[Data records]
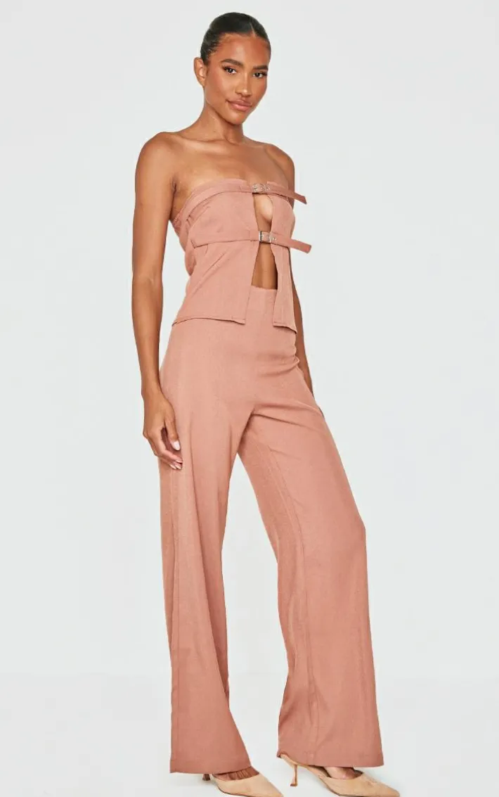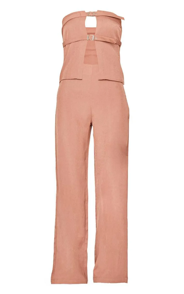 This dusty pink tailored woven thin belt detail bandeau jumpsuit is here to solve all of your ‘what to wear’ dilemmas this weekend. Brought to you in a dusty pink hue woven material with a bandeau neckline and thin belt detailing, how can you resist? Style this tailored jumpsuit with heels and simple gold accessories to complete the look we’re loving.
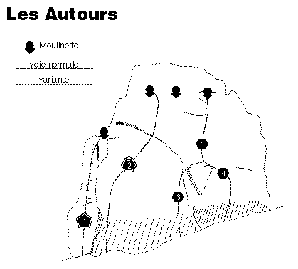 | Juste à droite de la Pulpe, un départ sur des aplats, ensuite tirer à droite jusqu'à la fissure oblique. Sortie assez bloc. |
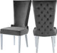 Draw the attention of anyone who steps foot in your living space with this Serafina Grey Velvet Dining Chair from Meridian Furniture. Its luxurious grey velvet upholstery is both soft and elegant, adding a chic touch to your home. Its high back with a deep button tufted design gives this stylish chair a regal appearance, while rich chrome metal legs complement its grey color while providing sturdy support to the chair's frame.
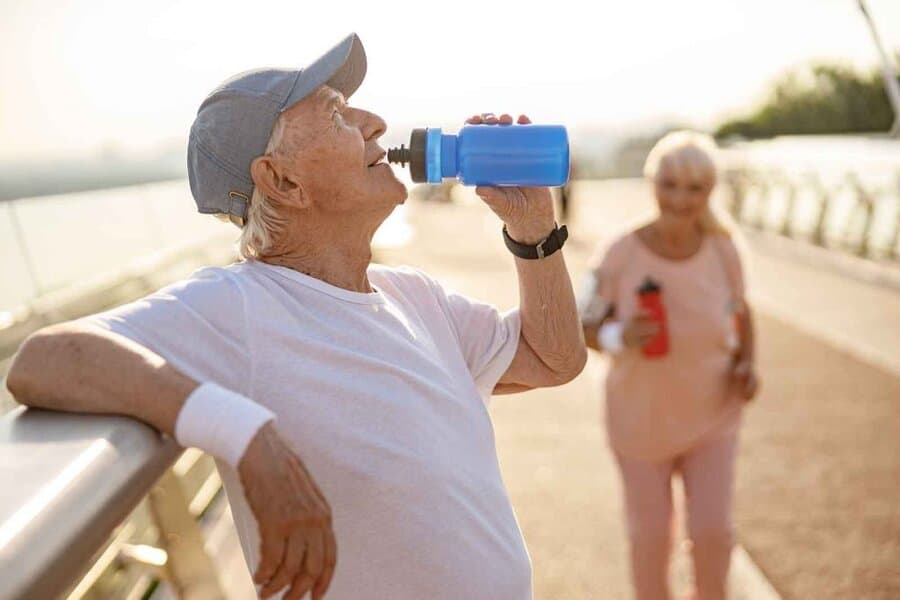 Kod starijih ljudi osjećaj žeđi može biti oslabljen, pa je važno piti vodu redovno, čak i bez osjećaja žeđi. Treba izbjegavati alkoholna pića i napitke koji sadrže kofein, jer oni ubrzavaju dehidraciju. Uz tečnost, preporučuje se i unos namirnica bogatih vodom, poput lubenice, krastavaca i narandži.
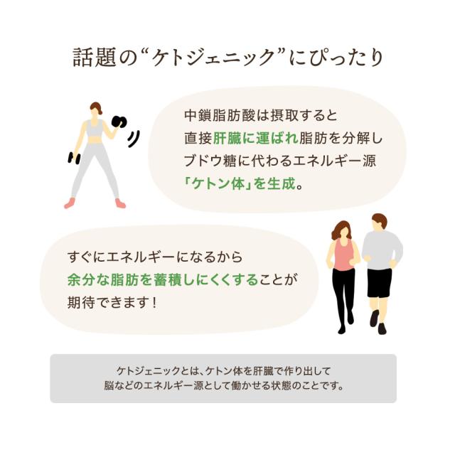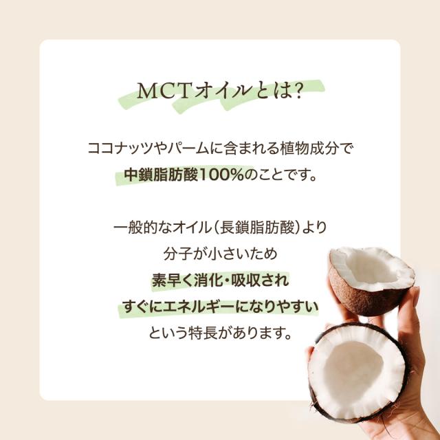 ケトン体生成: MCTオイルは糖質に変わるエネルギー源であるケトン体を素早く多く作れる特性があります。そのため、糖質制限中の人やアスリートにも役立つオイルとして利用されています。
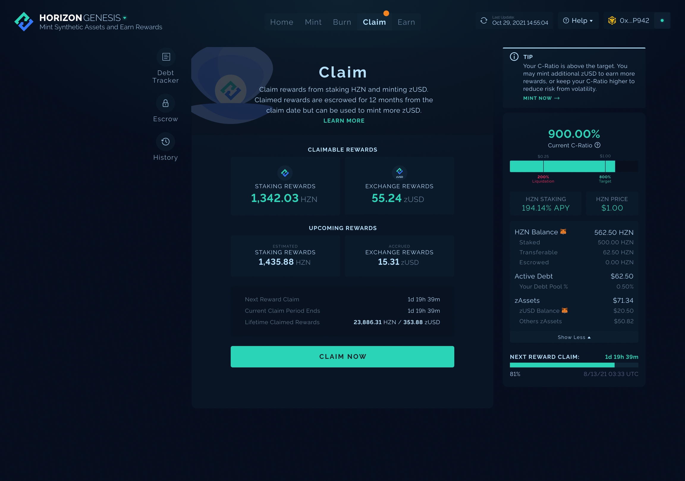 Claim rewards from staking HZN and minting zUSD. Claimed rewards are vested for 12 months from the claim date, but can be used to manage the current C-Ratio or staked again to compound rewards during that time.
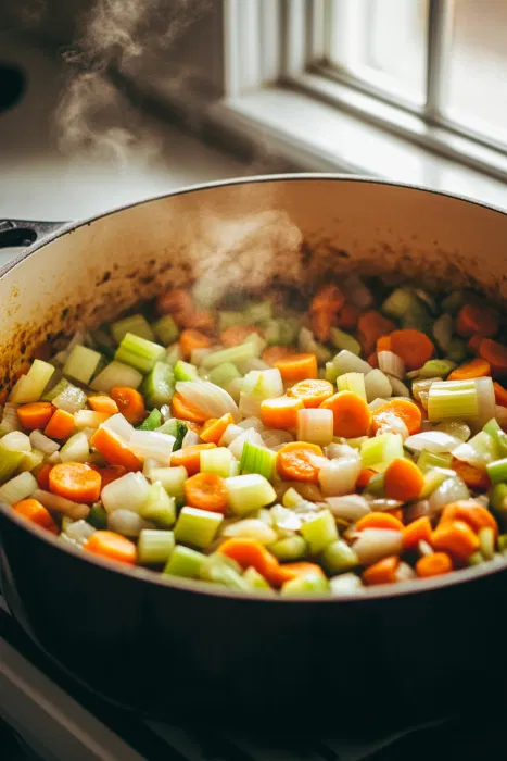 Add the onions, carrots, and celery, letting them soften for 5–7 minutes until they smell sweet and warm.
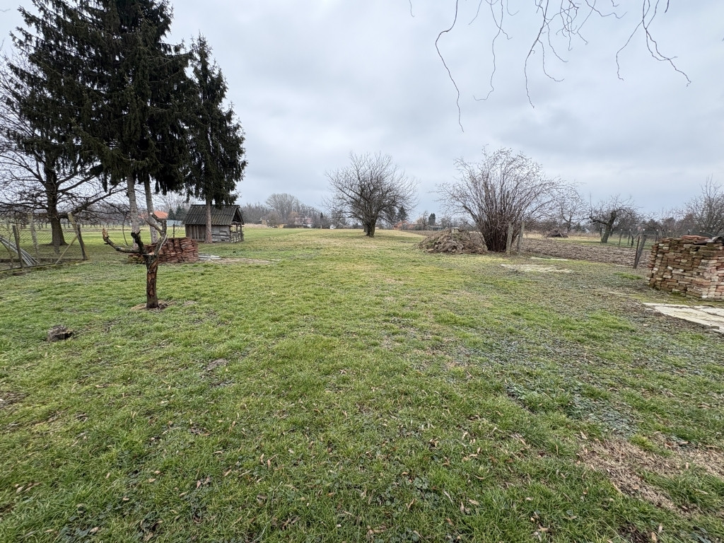 A nyugati tájolású, 3090 m²-es telek udvarral, kerttel, garázzsal, melléképülettel, tárolóval és pincével rendelkezik. A kertben gyümölcsfák találhatók, a terület gazdálkodásra alkalmas.

» **THE TASK**:
Could you copy all of the entries above exactly, without the pictures?

» **TASK ANSWER**:
 This dusty pink tailored woven thin belt detail bandeau jumpsuit is here to solve all of your ‘what to wear’ dilemmas this weekend. Brought to you in a dusty pink hue woven material with a bandeau neckline and thin belt detailing, how can you resist? Style this tailored jumpsuit with heels and simple gold accessories to complete the look we’re loving.
 | Juste à droite de la Pulpe, un départ sur des aplats, ensuite tirer à droite jusqu'à la fissure oblique. Sortie assez bloc. |
 Draw the attention of anyone who steps foot in your living space with this Serafina Grey Velvet Dining Chair from Meridian Furniture. Its luxurious grey velvet upholstery is both soft and elegant, adding a chic touch to your home. Its high back with a deep button tufted design gives this stylish chair a regal appearance, while rich chrome metal legs complement its grey color while providing sturdy support to the chair's frame.
 Kod starijih ljudi osjećaj žeđi može biti oslabljen, pa je važno piti vodu redovno, čak i bez osjećaja žeđi. Treba izbjegavati alkoholna pića i napitke koji sadrže kofein, jer oni ubrzavaju dehidraciju. Uz tečnost, preporučuje se i unos namirnica bogatih vodom, poput lubenice, krastavaca i narandži.
 ケトン体生成: MCTオイルは糖質に変わるエネルギー源であるケトン体を素早く多く作れる特性があります。そのため、糖質制限中の人やアスリートにも役立つオイルとして利用されています。
 Claim rewards from staking HZN and minting zUSD. Claimed rewards are vested for 12 months from the claim date, but can be used to manage the current C-Ratio or staked again to compound rewards during that time.
 Add the onions, carrots, and celery, letting them soften for 5–7 minutes until they smell sweet and warm.
 A nyugati tájolású, 3090 m²-es telek udvarral, kerttel, garázzsal, melléképülettel, tárolóval és pincével rendelkezik. A kertben gyümölcsfák találhatók, a terület gazdálkodásra alkalmas.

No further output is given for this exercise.